Claustrophobia does run in families, and it can be genetic or just a trait you pick up from your family members. In some cases, you can develop claustrophobia after a particularly traumatic event, like getting stuck in an elevator for a long period of time — but often, there's no precipitating event, Dr. Schneier says. Doctors don't totally have a medical explanation why people are claustrophobic, but they may have anxiety-prone brain circuits that make them more sensitive to small stressors, Dr. Schneier says. "But, a brain-based cause of claustrophobia specifically has not been identified," he says.

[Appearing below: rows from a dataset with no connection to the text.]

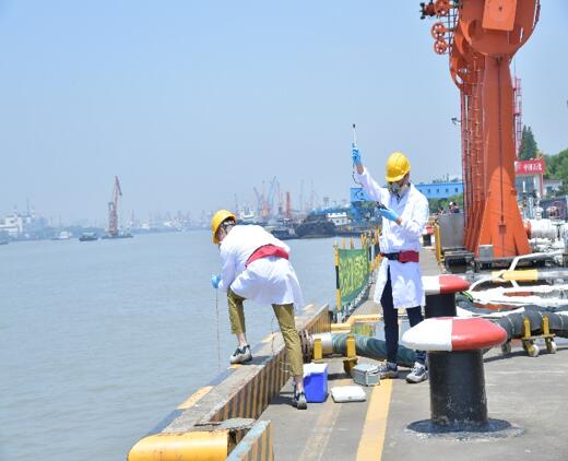 管線封堵完成后,油庫清污人員進入碼頭使用吸油氈吸附泄漏油品。在清理完成后,環保監測人員攜帶檢測儀器,對演練區域的大氣和水質分別取樣檢測,通過數據分析,符合國家和上海市環境質量標準。
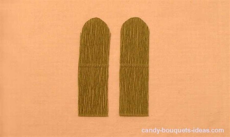 Сначала мы вырезаем из гофрированной бумаги несколько деталей. Их примерные размеры указаны на фото.
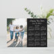 Wish friends and family a Happy New Year with a personalised holiday card featuring a vertical photo next to a 2026 calendar on the front and a horizontal photo on the back. Replace the sample photos, name, and greeting in the sidebar. The custom text is in a cool white handwritten script font. Below it is a white calendar on a black background. You can remove the Zazzle logo on the back in the sidebar.
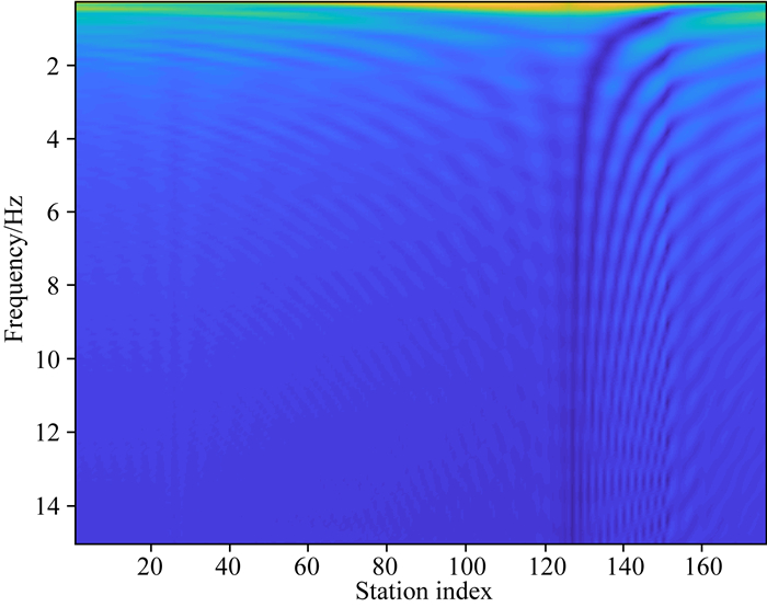 图 5 图 4中地表波场的频率-空间域分布,模型如图 3所示 Fig. 5 The wave field in frequency-space domain. The model is shown in Fig. 3 |
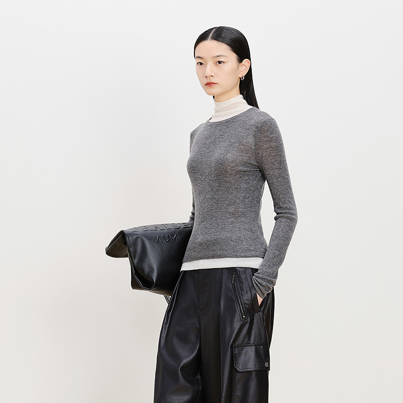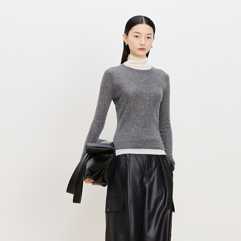 水溶羊毛气质中领假两件打底衫 AUM噢姆冬季 上衣女款 商场同款
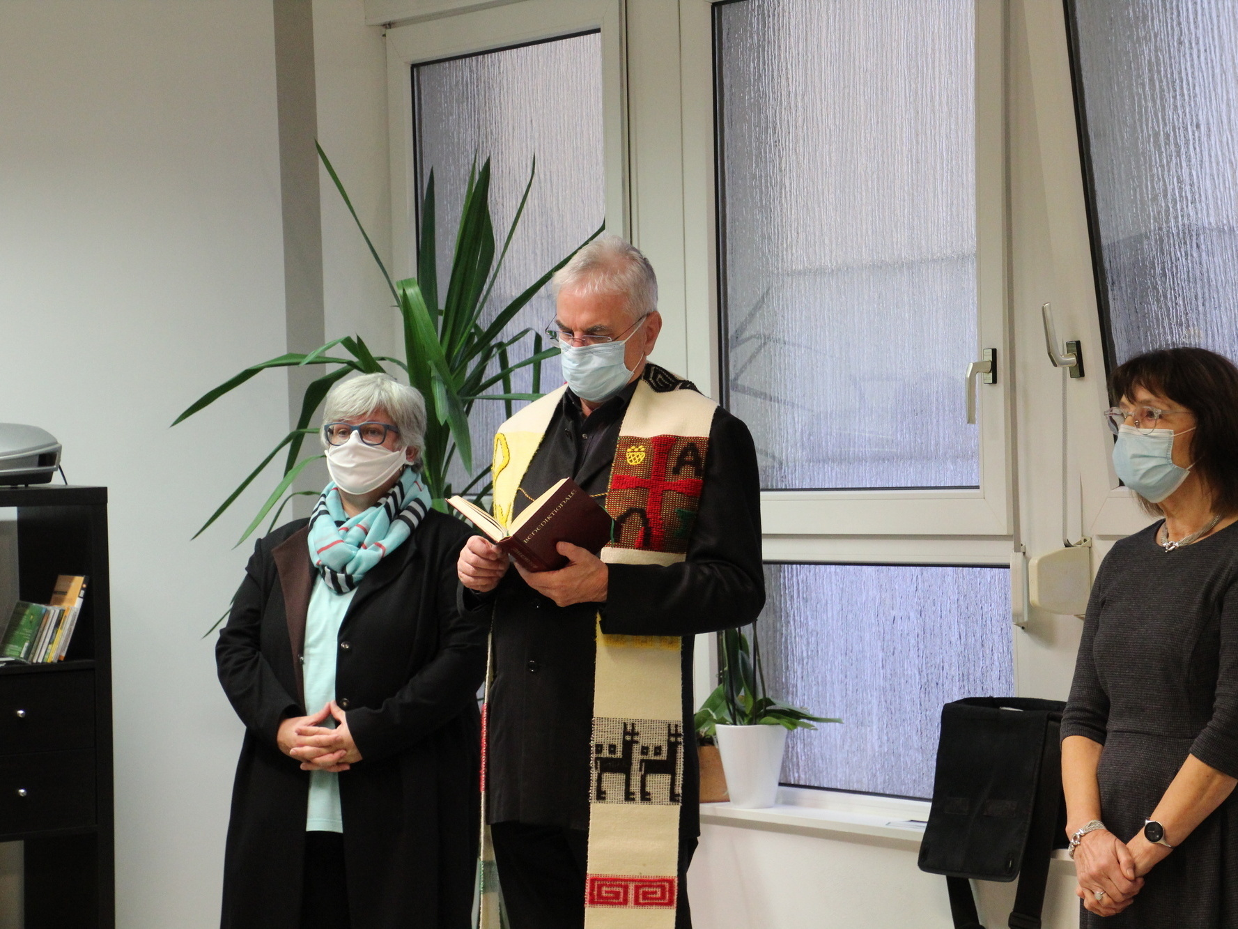 Ende Oktober wurden in einer kleinen, aber feinen Feier die neuen Räumlichkeiten des GesprächsLadens am Markt gesegnet: der Empfang mit dem großen Schaufenster, die beiden Gesprächszimmer und der Gruppenraum. Stadtpfarrer Joachim Morgenroth wünschte, dass hier segensreiche Gespräche stattfinden, Menschen getröstet werden und Orientierung finden. Bürgermeisterin Sorya Lippert gratulierte im Namen der Stadt und sagte, dass Schweinfurt stolz ist auf diese offene und niederschwellige Einrichtung und würde sich freuen, wenn das Gesprächsangebot gut genutzt werde.
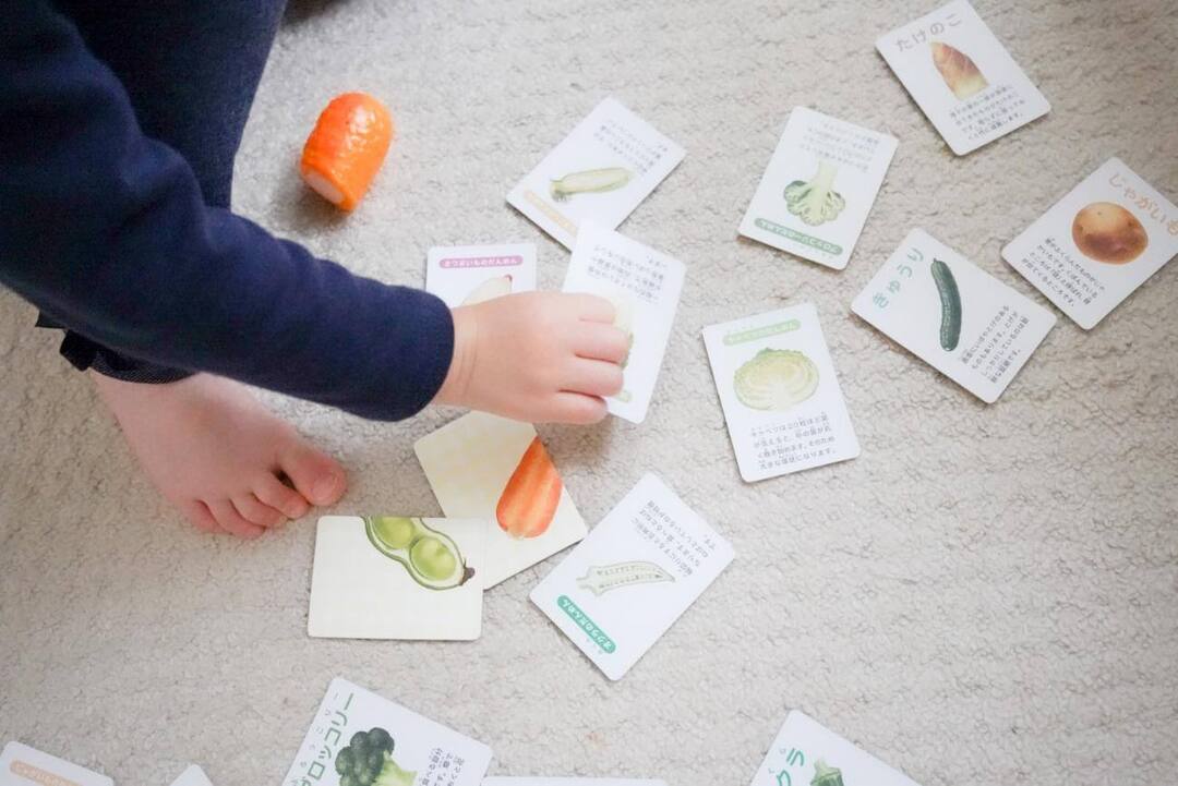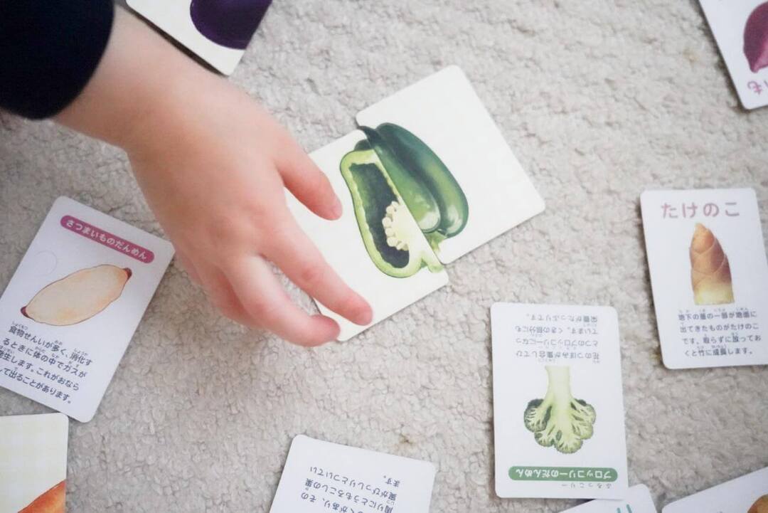 そのうち「ピーマンが2つあるよ」と気づいて、自分からくっつけて遊ぶように。裏面の豆知識は、ひとつ読んで聞かせると次々に「これ読んで」と渡してくるほど気に入ったようです♪
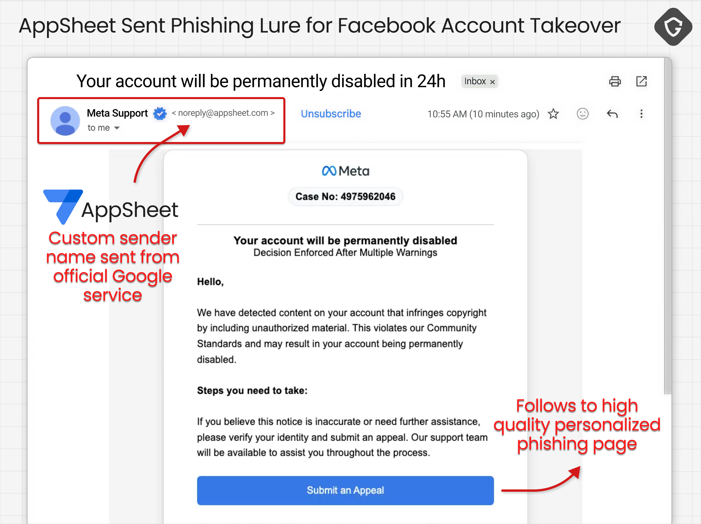 Email phishing used to rely on spoofing, shady SMTP infrastructure, and just enough broken authentication to slip through the cracks. This case starts from the opposite premise: the email is real, the authentication is clean, and the delivery comes through Google’s own AppSheet, the no-code app builder's notification system.
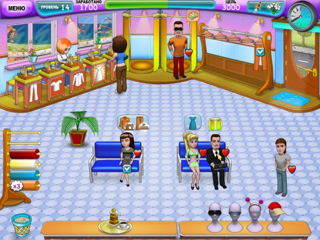На каждом этапе игры вам необходимо заработать определенную сумму денег, иначе уровень придется переигрывать. Чтобы этого не произошло — следите за настроением посетителей. Не забывайте преподносить им небольшие подарки и угощать ароматным кофе, а также старайтесь выполнять несколько одинаковых действий подряд. Например, если заказать в мастерской сразу несколько предметов одежды одного цвета или кроя, то ваша выручка существенно увеличится.
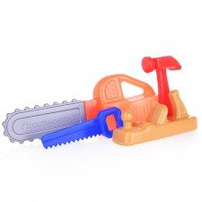 В наборе: бензопила, рубанок, молоток, ножовка. Материал: пластик. Соответствует требованиям безопасности продукции.
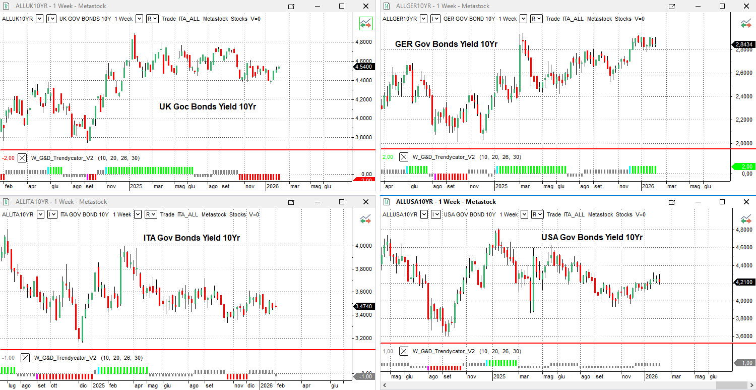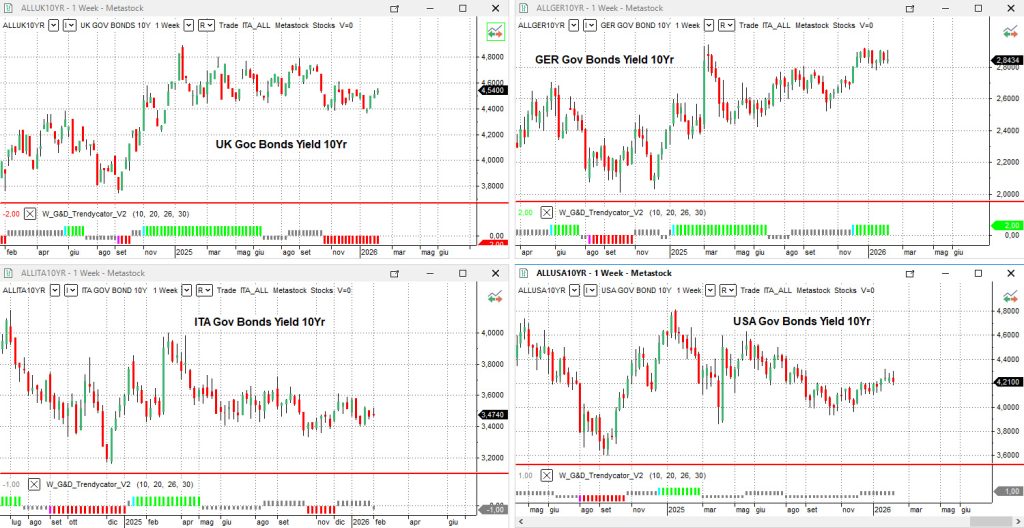 In Germania, il Bund decennale si attesta al 2,84%, con una lieve risalita che non altera il quadro complessivo. Il Trendycator rimane LONG sui rendimenti, confermando una struttura ordinata e coerente, inserita in una fase di consolidamento che non mostra segnali di deterioramento, pur senza un’accelerazione direzionale marcata.

Luckily, claustrophobia is definitely treatable through cognitive behavioral therapy, Dr. Schneier says. Therapists usually work with you to figure out your (possibly unrealistic or unhelpful) beliefs about closed spaces, and then they help you find more useful ways of thinking that will help you cope the next time you're in one of those feared situations. "Sometimes, this may include relaxation exercises as another coping tool," Dr. Schneier says. Once you have the cognitive tools, the goal is to gradually enter the situations that you're afraid of.
If you think you might be claustrophobic, you shouldn't discount your symptoms. That said, nonchalantly assigning yourself with a phobia can belittle the fact that some people struggle to go about their daily lives because their phobias are so severe. But, if it's interfering with your life, even slightly — like you can't stand going to the movies or standing in a crowd because it makes you so anxious — you may want to consider getting help.